Bug 1799079

Summary: revision-pruner pod OOMKilled during installation
Product: OpenShift Container Platform Reporter: Andy McCrae <amccrae>
Component: kube-apiserverAssignee: Mike Dame <mdame>
Status: CLOSED WONTFIX QA Contact: Ke Wang <kewang>
Severity: low Docs Contact:
Priority: low    
Version: 4.2.zCC: aos-bugs, cbaus, danili, kewang, mdame, mfojtik, openshift-bugzilla-robot
Target Milestone: ---   
Target Release: 4.2.z   
Hardware: s390x   
OS: Unspecified   
Whiteboard:
Fixed In Version: Doc Type: If docs needed, set a value
Doc Text:
Story Points: ---
Clone Of: Environment:
Last Closed: 2020-07-13 16:49:09 UTC Type: Bug
Regression: --- Mount Type: ---
Documentation: --- CRM:
Verified Versions: Category: ---
oVirt Team: --- RHEL 7.3 requirements from Atomic Host:
Cloudforms Team: --- Target Upstream Version:
Embargoed:
Bug Depends On: 1848583    
Bug Blocks:    

Description Andy McCrae 2020-02-06 15:27:04 UTC
Description of problem:

When deploying 4.2.16 on the mini clusters some of the revision-pruner containers are OOMKilled during installation. They do restart successfully.
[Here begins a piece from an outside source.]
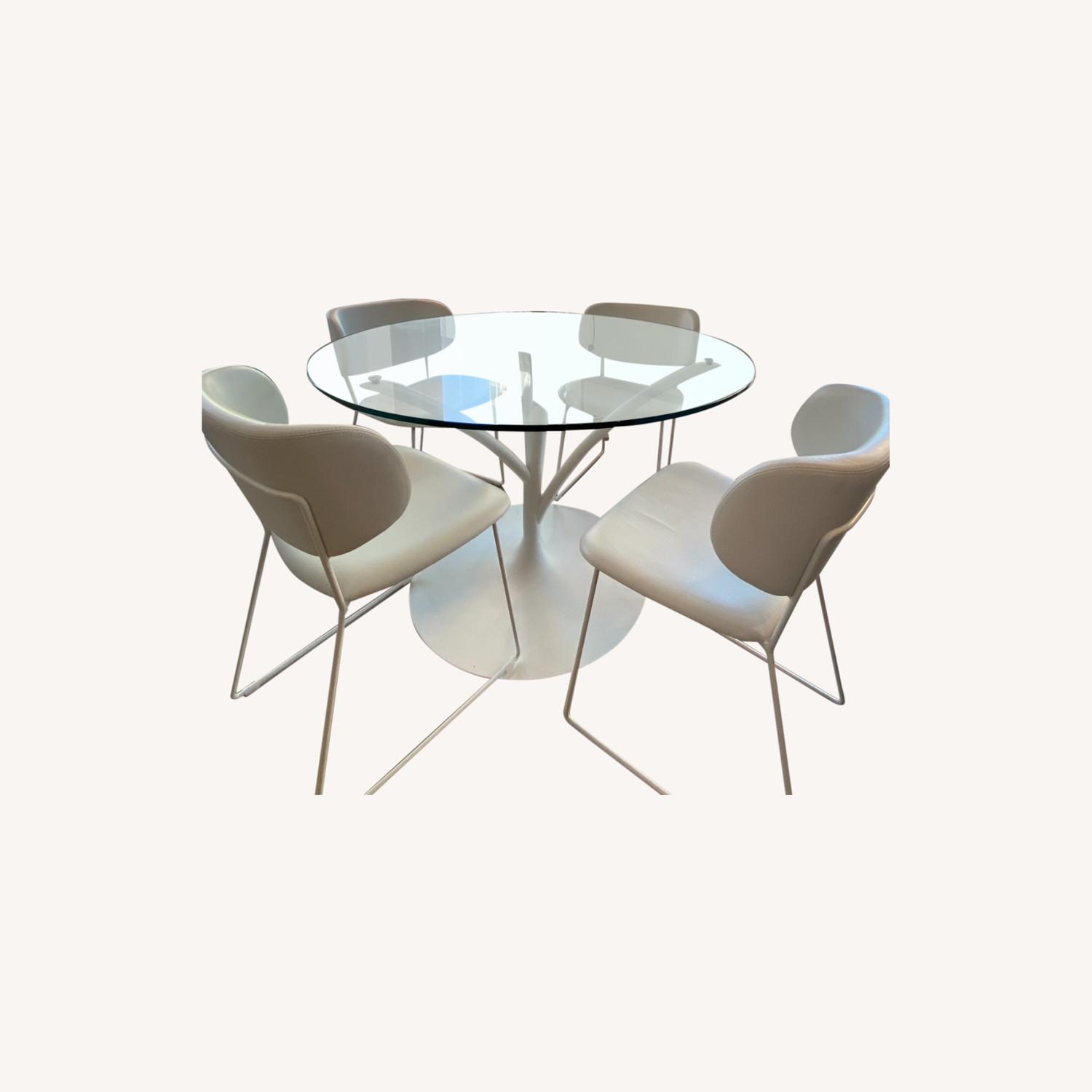 Seller's Notes:Dining Table or chairs can be bought separately. Please message for the selling prices for them individually. Tiny blemishes on the leather chairs but generally in good condition. Those blemishes could probably be wiped away. Very stylish dining table that sits comfortably in the living room. The leather is easy to maintain. Even though the chairs were white, they never stained. I love this dining set so much but have to sell them because I am moving.

Version-Release number of selected component (if applicable):
4.2.18/4.2.16

How reproducible:
Everytime I've done an install I've had at least 1 or 2.

Steps to Reproduce:
1. Run through the regular installation approach.
2. oc get pods --all-namespaces=true | grep -i oom

Actual results:

# oc get pods --all-namespaces=true | grep -i oom
openshift-kube-apiserver                                revision-pruner-3-master-2.test.example.com                       0/1     OOMKilled   0          

Expected results:

No pods are OOMKilled.

Additional info:
The logs from the failed pod are as follows:
# oc logs -f revision-pruner-3-master-2.test.example.com -n openshift-kube-apiserver
I0206 11:12:58.379630       1 cmd.go:38] &{<nil> true {false} prune true map[max-eligible-revision:0xc0006f5d60 protected-revisions:0xc0006f5e00 resource-dir:0xc0006f5ea0 static-pod-name:0xc0006f5f40 v:0xc0006f45a0] [0xc0006f45a0 0xc0006f5d60 0xc0006f5e00 0xc0006f5ea0 0xc0006f5f40] [] map[alsologtostderr:0xc0006f4000 help:0xc000704320 log-backtrace-at:0xc0006f40a0 log-dir:0xc0006f4140 log-file:0xc0006f41e0 log-file-max-size:0xc0006f4280 log-flush-frequency:0xc0000de280 logtostderr:0xc0006f4320 max-eligible-revision:0xc0006f5d60 protected-revisions:0xc0006f5e00 resource-dir:0xc0006f5ea0 skip-headers:0xc0006f43c0 skip-log-headers:0xc0006f4460 static-pod-name:0xc0006f5f40 stderrthreshold:0xc0006f4500 v:0xc0006f45a0 vmodule:0xc0006f4640] [0xc0006f5d60 0xc0006f5e00 0xc0006f5ea0 0xc0006f5f40 0xc0006f4000 0xc0006f40a0 0xc0006f4140 0xc0006f41e0 0xc0006f4280 0xc0000de280 0xc0006f4320 0xc0006f43c0 0xc0006f4460 0xc0006f4500 0xc0006f45a0 0xc0006f4640 0xc000704320] [0xc0006f4000 0xc000704320 0xc0006f40a0 0xc0006f4140 0xc0006f41e0 0xc0006f4280 0xc0000de280 0xc0006f4320 0xc0006f5d60 0xc0006f5e00 0xc0006f5ea0 0xc0006f43c0 0xc0006f4460 0xc0006f5f40 0xc0006f4500 0xc0006f45a0 0xc0006f4640] map[104:0xc000704320 118:0xc0006f45a0] [] -1 0 0xc0006f2cc0 true <nil> []}
I0206 11:12:58.379942       1 cmd.go:39] (*prune.PruneOptions)(0xc000097100)({
 MaxEligibleRevision: (int) 3,
 ProtectedRevisions: ([]int) (len=3 cap=3) {
  (int) 1,
  (int) 2,
  (int) 3
 },
 ResourceDir: (string) (len=36) "/etc/kubernetes/static-pod-resources",
 StaticPodName: (string) (len=18) "kube-apiserver-pod"
})

Comment 1 Andy McCrae 2020-02-06 15:28:24 UTC
The installations still succeed, so setting this as low prio.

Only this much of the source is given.